Haven't studied phone RAM capacity growth rates in detail though

nico · on Sept 7, 2023

That’s for LLMs, but at the same time, there are other types of models coming out

Wouldn’t be surprised if we get small models that can run locally on a phone and just retrieve data from the network as needed (without sending your data out), within the next couple of years

baq · on Sept 7, 2023

Wonder if someone is thinking of LLM specific RAM, slower but much denser. Bonus points for not having to reload the model after power cycling.

Maybe call this fantastic technology something idiotic like 3d XPoint?

AnthonyMouse · on Sept 7, 2023

> slower but much denser. Bonus points for not having to reload the model after power cycling.

This is called a solid state drive.

baq · on Sept 8, 2023

Goes to show how badly Intel executed that one.

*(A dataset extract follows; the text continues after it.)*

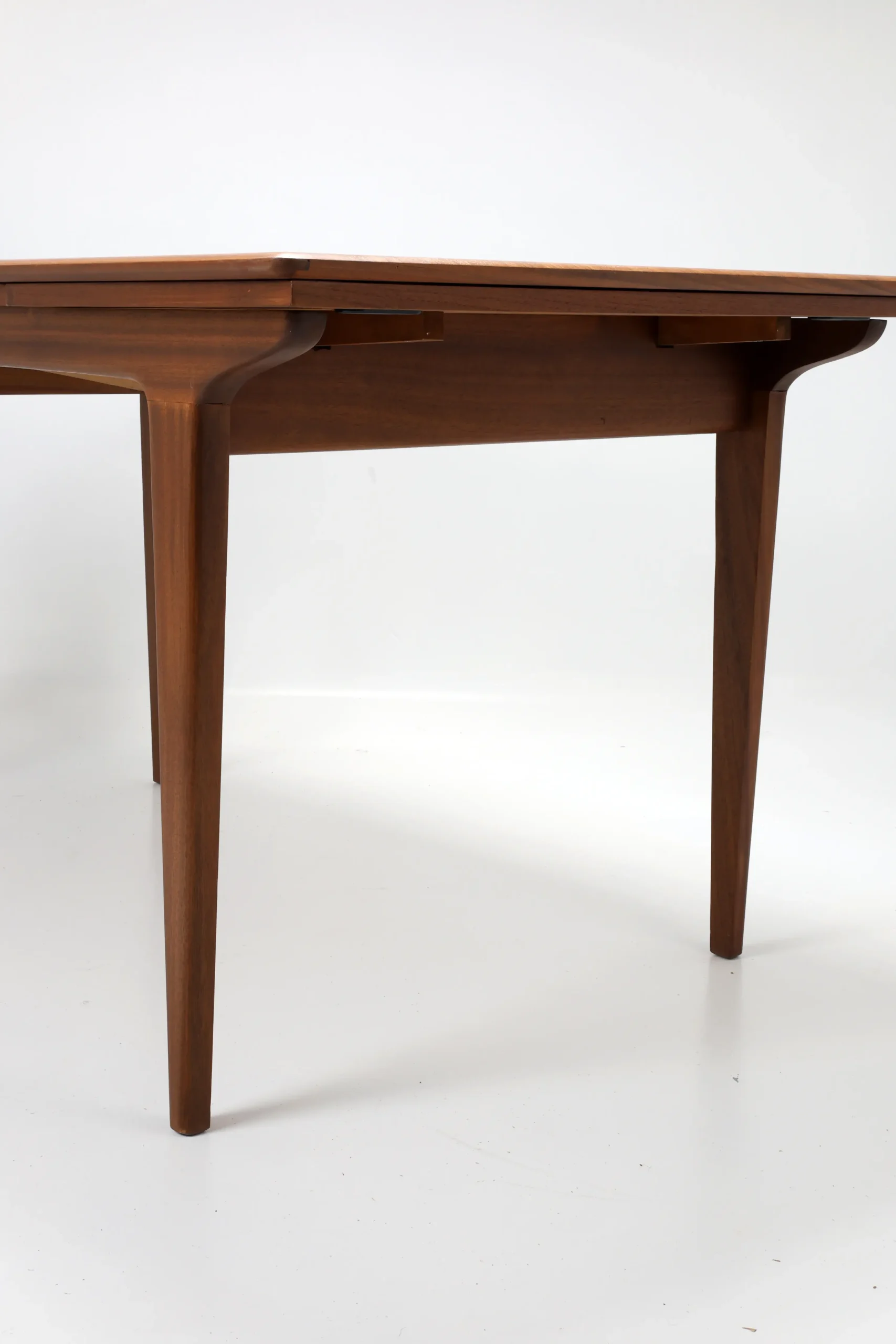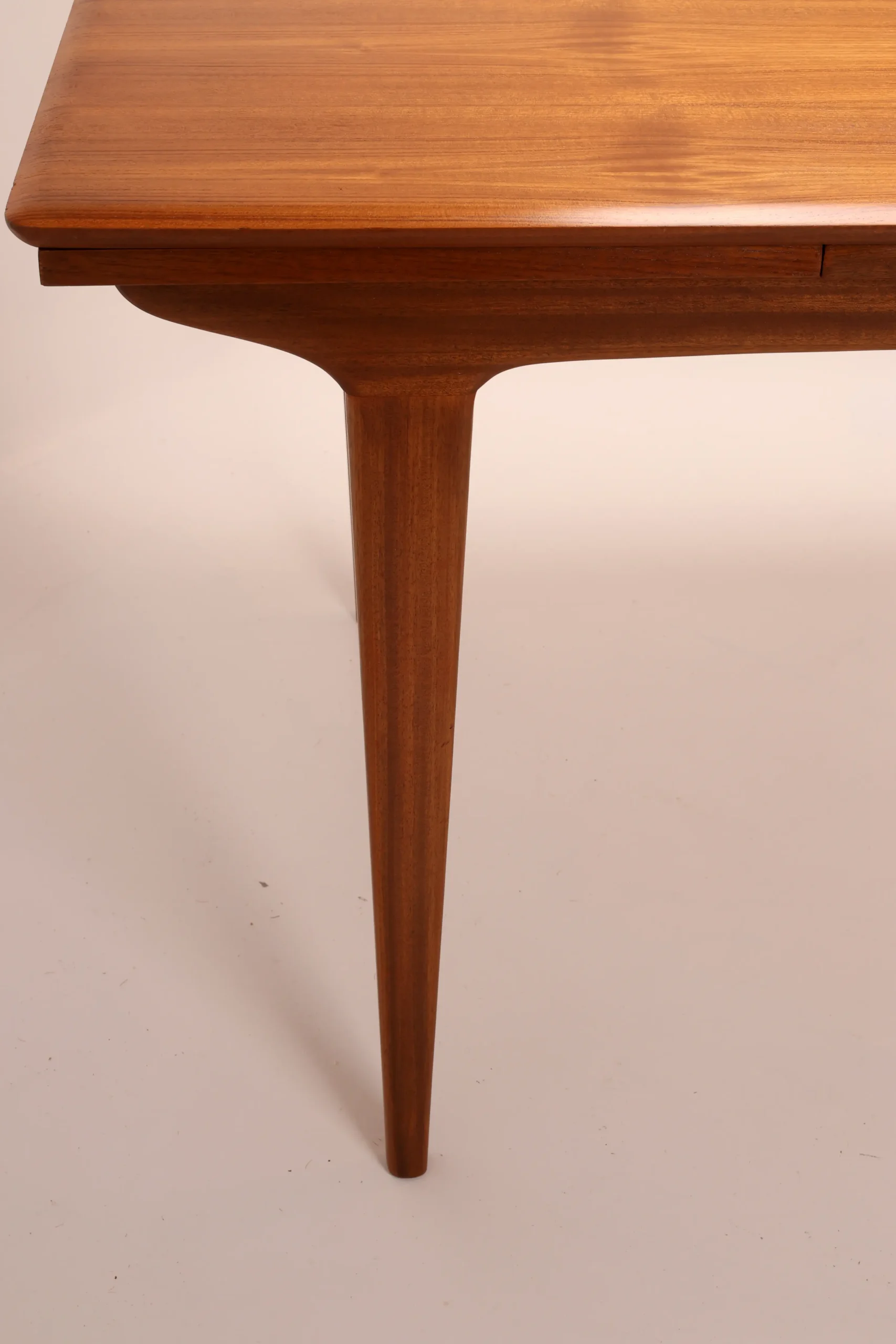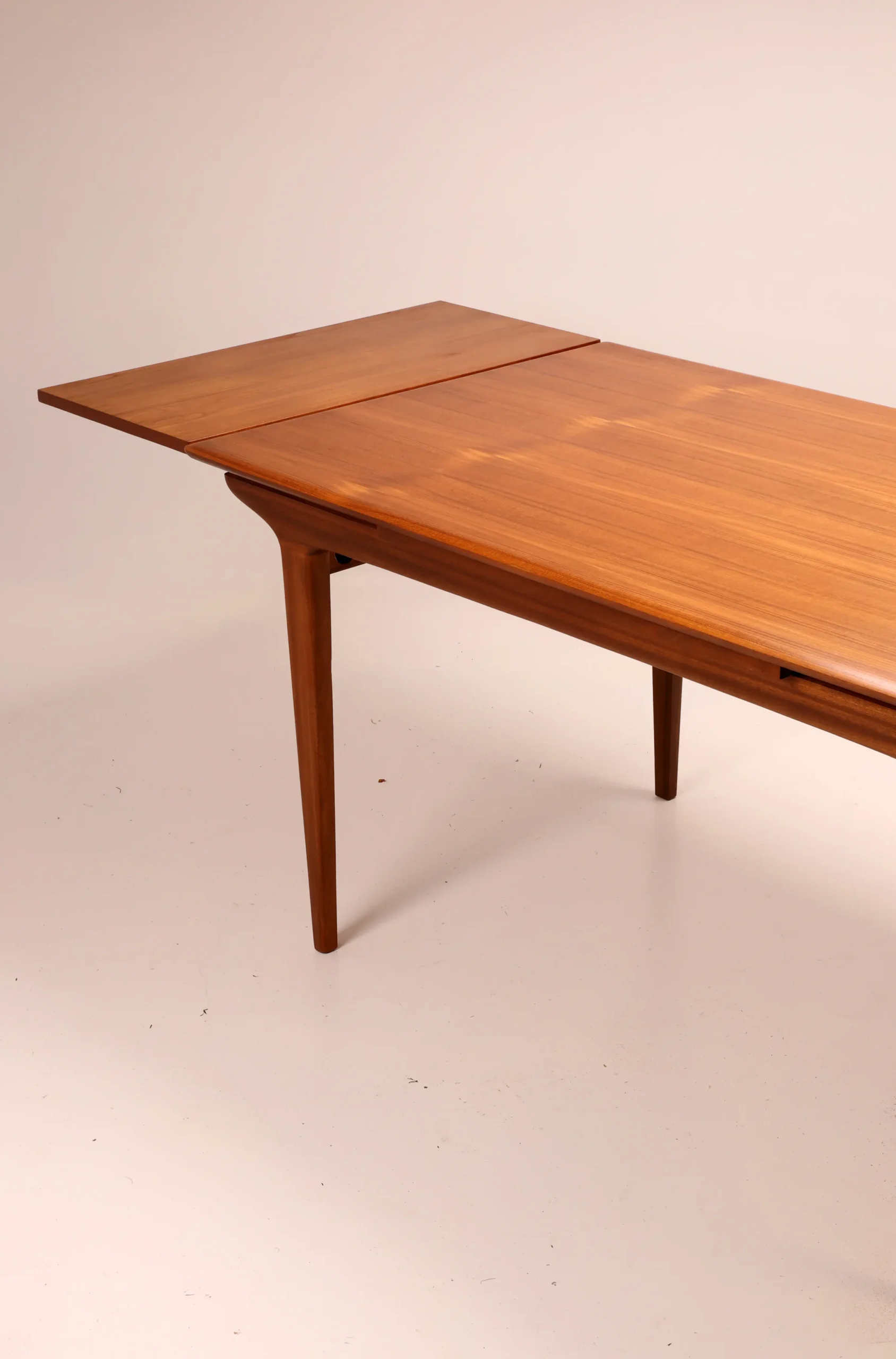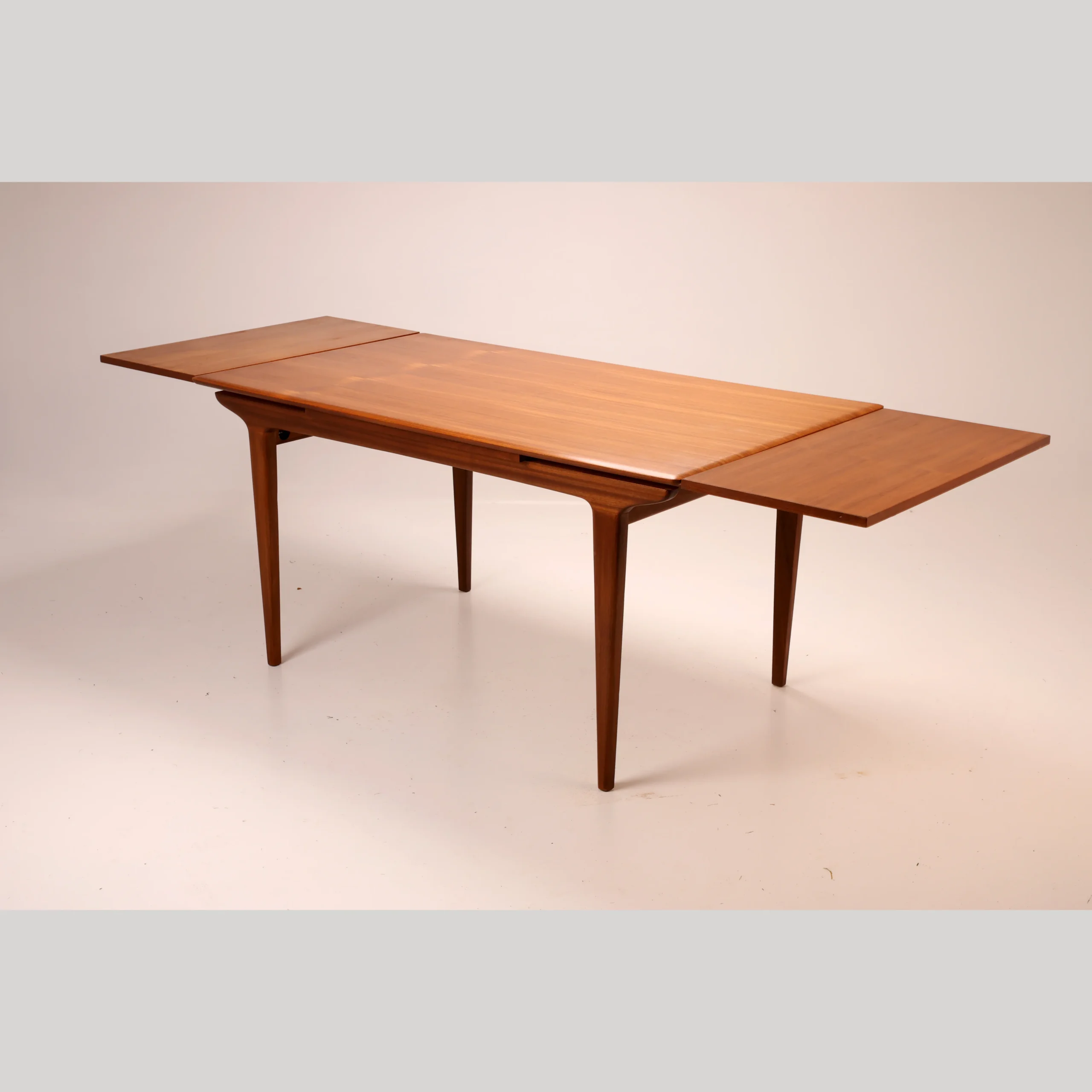 A refined Danish dining table crafted in solid teak, dating from the 1960s and executed in the style of Johannes Andersen. The piece reflects the hallmark qualities of Scandinavian modern design — clean lines, balanced proportions, and excellent craftsmanship.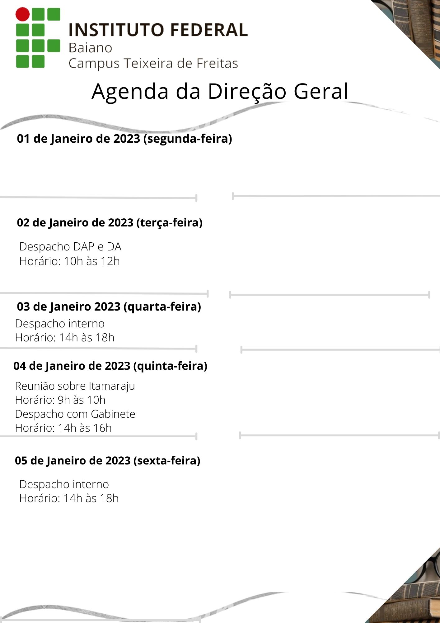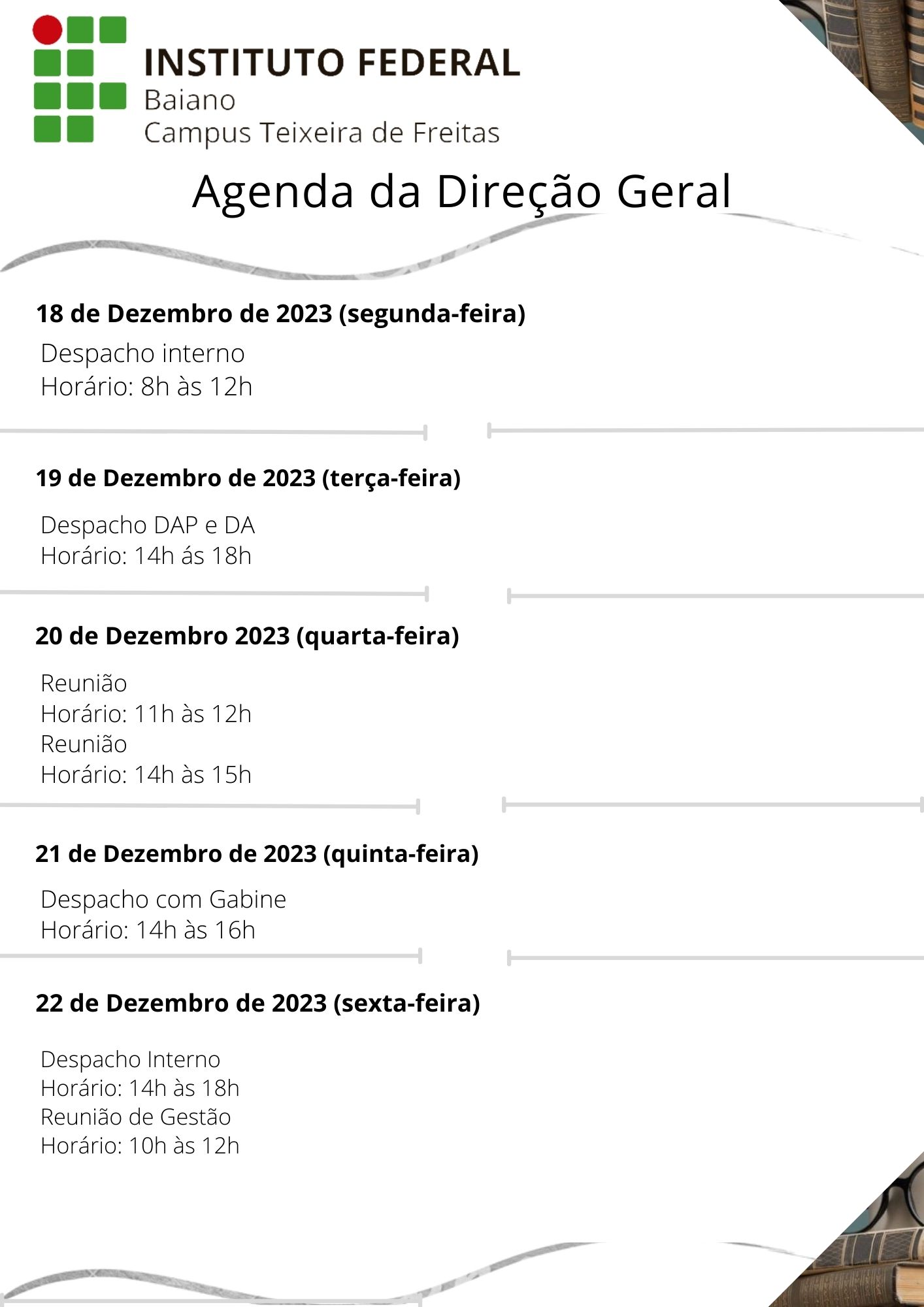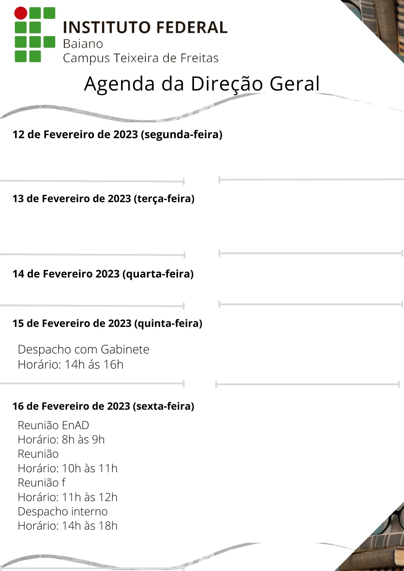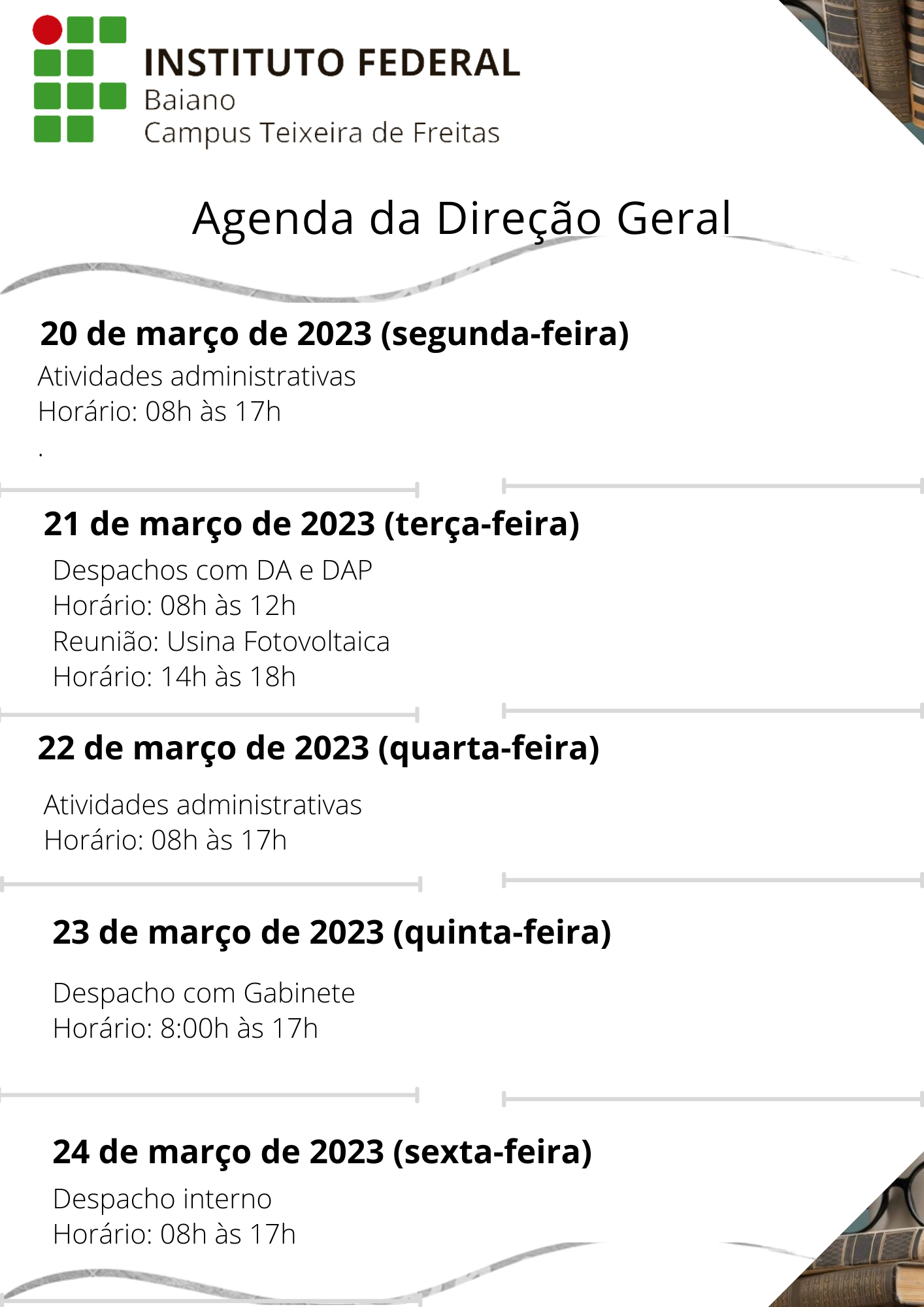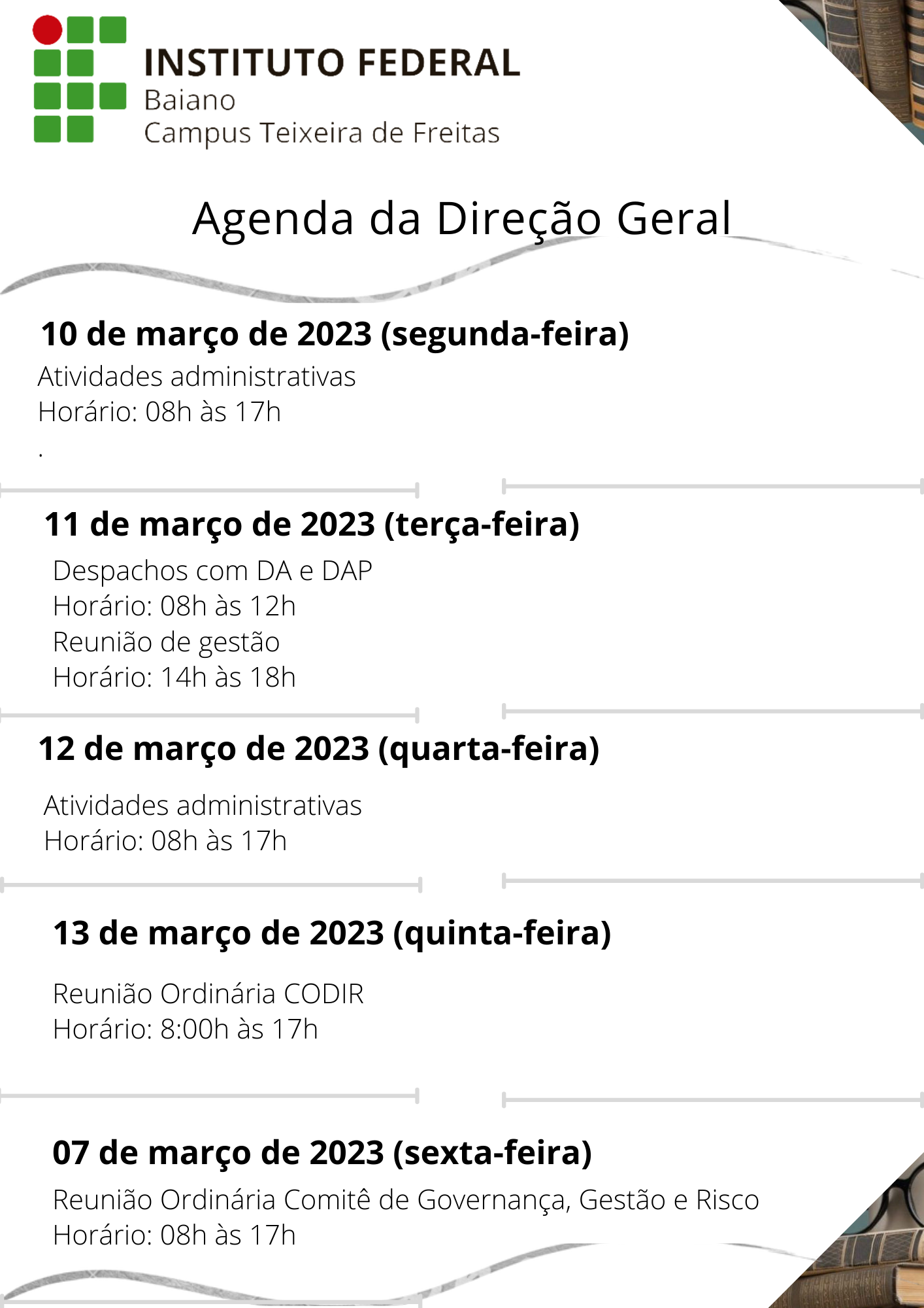 Visualize a Agenda da Direção do Campus Teixeira de Freitas abaixo ou acesse este link.

AnthonyMouse · on Sept 8, 2023

What? You can do this right now. Put your >100GB model on your SSD in your computer with <100GB of RAM and use mmap. It's not fast, but it runs.

baq · on Sept 8, 2023

My point is Intel had the perfect tech for this and killed it.

https://en.wikipedia.org/wiki/3D_XPoint

AnthonyMouse · on Sept 8, 2023

They didn't really. What this wants is gobs of memory bandwidth. The fastest NVMe SSDs can essentially saturate the PCIe bus. Using a dozen or more of them in parallel might even have reasonable performance for this. (Most desktops don't have this many PCIe lanes but HEDT and servers do). And they're a lot cheaper than Optane was.

To do better than that would have required the version of Optane that used DIMM slots, which was something like a quarter of the performance of actual DRAM for half the price.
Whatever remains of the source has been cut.